# Is it ich or something else



## SomethingGourami (Dec 28, 2012)

My 36 gallon tank has 2 buenos aires tetras, 5 lamp eye tetras, and 2 gold fours is. In the past week, 1 lamp eye tetra and 1 gold gourami died. Almost all my fish are covered in white spots. So I wanted a few days and they still have the spots. Please tell what diasese it is and how to cure it.*c/p*


----------



## jschwabe5 (Nov 26, 2011)

Ich is pretty easy to identify, it will look like grains of salt coating your fish from head to tail. It is a parasite, it can be controlled pretty quick with medication and temperature. White cottony patches it could be bacterial or fungal. If you can post a picture showing the spots we can ID


----------



## SomethingGourami (Dec 28, 2012)

Dumb auto correct, 2 gold gourami. And yes it is more salt like. I will try to post pictures soon. Some fish seem to have gotten rid of it.


----------



## jschwabe5 (Nov 26, 2011)

If that is the case you do have ich - its best treated with temp and medication. Look for a product at your local fish store called Quick Cure, its a blue liquid and pretty cheap. Do a water change - vac the gravel. Remove any carbon from your filter and turn off UV sterilizer if you have. Slowly raise the temperature in your tank to 85 degrees. Ich is a parasite - the higher temp will not kill the parasite but helps speed up its reproduction cycle. Follow directions on quick cure its so many drops per gallon. You may not see much change until after a few days of treatment. Keep the temp up for 7-10 days. Quick cure med is not recommended on catfish and loaches.


----------



## tbub1221 (Nov 1, 2012)

jschwabe5 said:


> If that is the case you do have ich - its best treated with temp and medication. Look for a product at your local fish store called Quick Cure, its a blue liquid and pretty cheap. Do a water change - vac the gravel. Remove any carbon from your filter and turn off UV sterilizer if you have. Slowly raise the temperature in your tank to 85 degrees. Ich is a parasite - the higher temp will not kill the parasite but helps speed up its reproduction cycle. Follow directions on quick cure its so many drops per gallon. You may not see much change until after a few days of treatment. Keep the temp up for 7-10 days. Quick cure med is not recommended on catfish and loaches.

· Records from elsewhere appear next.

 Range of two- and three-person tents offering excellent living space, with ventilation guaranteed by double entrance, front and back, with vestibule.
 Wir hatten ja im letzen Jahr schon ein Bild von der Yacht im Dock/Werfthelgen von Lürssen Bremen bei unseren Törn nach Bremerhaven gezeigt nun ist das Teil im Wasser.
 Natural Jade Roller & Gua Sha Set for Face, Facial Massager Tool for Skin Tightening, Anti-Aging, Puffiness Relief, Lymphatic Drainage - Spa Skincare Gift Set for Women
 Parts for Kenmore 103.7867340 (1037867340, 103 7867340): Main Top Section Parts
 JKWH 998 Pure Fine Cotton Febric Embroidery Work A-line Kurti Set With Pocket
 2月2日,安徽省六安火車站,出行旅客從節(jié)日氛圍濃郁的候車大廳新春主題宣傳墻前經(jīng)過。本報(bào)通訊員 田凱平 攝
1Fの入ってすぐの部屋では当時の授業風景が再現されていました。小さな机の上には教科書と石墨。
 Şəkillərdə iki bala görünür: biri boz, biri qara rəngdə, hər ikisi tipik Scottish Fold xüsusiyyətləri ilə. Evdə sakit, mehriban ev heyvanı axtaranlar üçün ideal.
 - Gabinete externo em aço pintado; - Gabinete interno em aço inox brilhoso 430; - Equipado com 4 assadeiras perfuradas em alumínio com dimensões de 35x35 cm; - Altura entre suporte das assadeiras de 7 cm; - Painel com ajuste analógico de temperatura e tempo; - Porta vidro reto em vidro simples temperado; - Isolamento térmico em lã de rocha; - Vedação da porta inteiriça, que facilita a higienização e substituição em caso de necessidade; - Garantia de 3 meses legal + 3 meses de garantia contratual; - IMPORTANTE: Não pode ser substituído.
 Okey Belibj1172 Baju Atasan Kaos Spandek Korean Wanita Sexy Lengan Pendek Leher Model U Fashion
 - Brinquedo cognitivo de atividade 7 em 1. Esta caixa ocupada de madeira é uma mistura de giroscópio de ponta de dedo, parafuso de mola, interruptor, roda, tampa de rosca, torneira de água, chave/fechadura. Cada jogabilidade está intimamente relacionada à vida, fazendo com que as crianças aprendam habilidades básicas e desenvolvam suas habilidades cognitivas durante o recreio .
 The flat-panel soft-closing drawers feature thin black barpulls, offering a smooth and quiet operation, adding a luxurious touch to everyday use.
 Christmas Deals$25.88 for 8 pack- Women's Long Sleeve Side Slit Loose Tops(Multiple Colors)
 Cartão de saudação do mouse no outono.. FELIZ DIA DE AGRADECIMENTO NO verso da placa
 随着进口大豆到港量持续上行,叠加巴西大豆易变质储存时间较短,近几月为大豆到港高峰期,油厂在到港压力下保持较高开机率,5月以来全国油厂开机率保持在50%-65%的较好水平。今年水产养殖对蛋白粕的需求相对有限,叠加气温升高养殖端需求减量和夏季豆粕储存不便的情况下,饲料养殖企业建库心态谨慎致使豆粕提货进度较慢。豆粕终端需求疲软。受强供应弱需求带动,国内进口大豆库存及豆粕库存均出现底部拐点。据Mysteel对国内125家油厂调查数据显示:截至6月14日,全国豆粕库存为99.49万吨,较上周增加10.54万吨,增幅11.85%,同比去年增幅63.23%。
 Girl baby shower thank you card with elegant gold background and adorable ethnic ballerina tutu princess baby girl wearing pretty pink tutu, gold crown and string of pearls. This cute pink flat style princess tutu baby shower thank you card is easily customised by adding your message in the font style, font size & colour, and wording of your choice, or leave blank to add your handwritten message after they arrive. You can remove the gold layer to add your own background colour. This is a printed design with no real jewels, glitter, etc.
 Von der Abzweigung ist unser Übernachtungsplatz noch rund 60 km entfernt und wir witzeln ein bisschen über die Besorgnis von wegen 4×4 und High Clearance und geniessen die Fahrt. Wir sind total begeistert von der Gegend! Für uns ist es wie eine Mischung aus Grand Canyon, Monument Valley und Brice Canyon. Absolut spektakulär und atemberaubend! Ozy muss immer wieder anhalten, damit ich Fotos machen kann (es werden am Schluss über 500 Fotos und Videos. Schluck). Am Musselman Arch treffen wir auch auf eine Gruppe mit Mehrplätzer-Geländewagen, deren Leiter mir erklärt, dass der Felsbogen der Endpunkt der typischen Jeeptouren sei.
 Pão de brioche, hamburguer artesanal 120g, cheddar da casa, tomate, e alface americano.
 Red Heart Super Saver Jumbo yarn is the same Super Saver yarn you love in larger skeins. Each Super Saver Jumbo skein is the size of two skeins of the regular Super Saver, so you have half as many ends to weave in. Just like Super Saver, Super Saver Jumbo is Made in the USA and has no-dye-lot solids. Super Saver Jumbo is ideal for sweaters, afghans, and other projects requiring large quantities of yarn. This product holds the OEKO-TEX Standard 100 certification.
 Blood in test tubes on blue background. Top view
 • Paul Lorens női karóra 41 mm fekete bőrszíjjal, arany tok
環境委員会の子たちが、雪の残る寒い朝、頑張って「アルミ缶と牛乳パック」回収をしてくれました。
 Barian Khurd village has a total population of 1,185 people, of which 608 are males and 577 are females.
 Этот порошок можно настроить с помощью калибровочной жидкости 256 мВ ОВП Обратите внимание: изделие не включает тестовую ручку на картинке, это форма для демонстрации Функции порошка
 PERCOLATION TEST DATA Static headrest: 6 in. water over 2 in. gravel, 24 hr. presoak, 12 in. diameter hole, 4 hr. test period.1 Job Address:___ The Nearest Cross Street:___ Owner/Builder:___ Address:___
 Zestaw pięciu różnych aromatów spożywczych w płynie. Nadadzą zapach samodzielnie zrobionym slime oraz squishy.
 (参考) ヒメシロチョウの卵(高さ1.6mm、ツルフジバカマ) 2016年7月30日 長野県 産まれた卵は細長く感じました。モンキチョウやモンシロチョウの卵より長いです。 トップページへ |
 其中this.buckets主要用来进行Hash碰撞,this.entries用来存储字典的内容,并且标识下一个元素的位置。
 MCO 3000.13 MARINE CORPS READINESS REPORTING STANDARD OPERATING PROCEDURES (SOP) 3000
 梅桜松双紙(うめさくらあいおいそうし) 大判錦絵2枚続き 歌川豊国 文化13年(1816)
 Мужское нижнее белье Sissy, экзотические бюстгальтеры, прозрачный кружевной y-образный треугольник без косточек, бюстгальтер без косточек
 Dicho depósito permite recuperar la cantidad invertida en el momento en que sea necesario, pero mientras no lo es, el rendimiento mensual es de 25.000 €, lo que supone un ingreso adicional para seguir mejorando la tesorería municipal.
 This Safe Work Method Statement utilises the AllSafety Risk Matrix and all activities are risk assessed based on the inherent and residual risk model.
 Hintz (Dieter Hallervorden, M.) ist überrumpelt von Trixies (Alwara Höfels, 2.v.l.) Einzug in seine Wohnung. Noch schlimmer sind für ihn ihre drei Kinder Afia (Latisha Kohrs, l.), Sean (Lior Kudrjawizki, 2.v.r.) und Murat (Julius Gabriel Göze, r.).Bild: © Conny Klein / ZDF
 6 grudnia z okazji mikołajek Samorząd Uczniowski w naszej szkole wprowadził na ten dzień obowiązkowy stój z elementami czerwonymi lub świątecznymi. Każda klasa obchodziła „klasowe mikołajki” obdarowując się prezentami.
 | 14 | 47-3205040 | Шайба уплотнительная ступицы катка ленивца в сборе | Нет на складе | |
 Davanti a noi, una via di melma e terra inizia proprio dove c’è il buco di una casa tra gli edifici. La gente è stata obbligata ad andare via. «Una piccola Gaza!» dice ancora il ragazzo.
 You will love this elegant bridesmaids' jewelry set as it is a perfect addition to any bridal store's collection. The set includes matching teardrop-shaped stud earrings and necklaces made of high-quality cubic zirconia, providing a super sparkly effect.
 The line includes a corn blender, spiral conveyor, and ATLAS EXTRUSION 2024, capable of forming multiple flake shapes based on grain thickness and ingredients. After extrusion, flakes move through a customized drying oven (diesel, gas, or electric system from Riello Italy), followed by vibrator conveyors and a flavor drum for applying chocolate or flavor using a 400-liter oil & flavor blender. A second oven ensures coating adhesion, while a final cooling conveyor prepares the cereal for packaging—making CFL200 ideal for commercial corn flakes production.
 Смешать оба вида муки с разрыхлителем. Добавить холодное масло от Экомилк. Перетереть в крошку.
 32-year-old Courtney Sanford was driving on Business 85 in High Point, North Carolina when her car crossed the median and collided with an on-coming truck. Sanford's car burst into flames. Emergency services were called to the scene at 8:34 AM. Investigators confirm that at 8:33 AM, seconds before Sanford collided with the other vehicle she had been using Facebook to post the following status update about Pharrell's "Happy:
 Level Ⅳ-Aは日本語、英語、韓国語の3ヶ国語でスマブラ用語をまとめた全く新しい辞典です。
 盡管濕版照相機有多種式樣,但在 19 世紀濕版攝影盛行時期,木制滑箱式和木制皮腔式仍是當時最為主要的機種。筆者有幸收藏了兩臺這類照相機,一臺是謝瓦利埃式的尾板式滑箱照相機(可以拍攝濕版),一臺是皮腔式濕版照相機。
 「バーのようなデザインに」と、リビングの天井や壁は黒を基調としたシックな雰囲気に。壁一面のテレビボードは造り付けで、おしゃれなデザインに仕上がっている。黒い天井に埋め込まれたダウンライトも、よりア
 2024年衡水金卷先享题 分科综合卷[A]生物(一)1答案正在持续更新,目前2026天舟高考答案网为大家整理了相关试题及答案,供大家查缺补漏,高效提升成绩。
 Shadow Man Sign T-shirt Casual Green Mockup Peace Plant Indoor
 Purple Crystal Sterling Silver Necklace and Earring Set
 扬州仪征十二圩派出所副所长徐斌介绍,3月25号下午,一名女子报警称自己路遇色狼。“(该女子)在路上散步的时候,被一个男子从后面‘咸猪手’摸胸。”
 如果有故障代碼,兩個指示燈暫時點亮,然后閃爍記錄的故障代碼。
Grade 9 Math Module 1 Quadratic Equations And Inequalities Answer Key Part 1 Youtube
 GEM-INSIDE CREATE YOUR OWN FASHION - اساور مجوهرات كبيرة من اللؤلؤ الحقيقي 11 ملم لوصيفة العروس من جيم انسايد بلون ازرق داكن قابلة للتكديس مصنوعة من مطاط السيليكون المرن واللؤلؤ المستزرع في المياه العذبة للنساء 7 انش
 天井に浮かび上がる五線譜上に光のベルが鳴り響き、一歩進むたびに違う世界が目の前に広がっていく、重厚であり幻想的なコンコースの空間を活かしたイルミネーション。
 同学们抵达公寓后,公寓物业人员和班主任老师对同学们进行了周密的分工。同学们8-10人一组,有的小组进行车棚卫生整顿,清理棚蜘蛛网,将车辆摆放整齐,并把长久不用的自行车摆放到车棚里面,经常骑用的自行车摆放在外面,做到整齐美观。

last time i saw ich it took at least 3 days of treatment to see a change but it will improve. it his a German blue ram id gotten that was a little stressed but he got over it . Ich is a parasite that prays on sick weak and stressed fish. if you didnt add any new fish recently and your fish became ill that fast i would think its a water control issue , i myself have seen it in situations where fish are exposed to ammonia even at lower amounts for extended amounts of time. it will usually affect smaller fish lethally a little quicker. without treatment they will die and if they are all sick now there is a good chance some will die regardless. i think there are a whole lot of good products out there to treat ich if its severe , but if you find that the water chem levels are where they should be then it has been my personal experience that as well as bumping the water level up to a minimum of 82F not exceeding 86F will increase the breeding/Growth cycle . Those little white salt like spots are actually like a little pod and once it gets hard it falls off like a scab and then 1000's of little parasites swim free to re attach to another sick fish so by increasing the temp and making them hatch faster they then swim through the water in the meds/poisons faster. Atlast that's how it seems to work. The last little tip i can give you is to boost the salt content in the tank as it is a natural healer Salt is a true skin irritant and in irritating it causes the fish to produce more natural bdy slime slime coat , this is what will usually protest fish from ich parasite.. I Have treated with heat and salt only more than once with success . most importantly is water quality if its not clean and you have ammonia no meds will do anything. ****Do not use primafix/melafix or any other tea tree oil product because it will be harmful to your gourami's labyrinth organ.. primafix is useful as a natural invert / Loach safe med but not if you keep gourami.
Good luck with treating your fish , Keep us posted on progress


----------



## SomethingGourami (Dec 28, 2012)

I posted this forum about a week after the infection. All I have done is keeping my light of and the fish seem to have grown immune to it. Is it safe to add all my decor back to the tank. (took out all decor to make it easy to observe my fish). 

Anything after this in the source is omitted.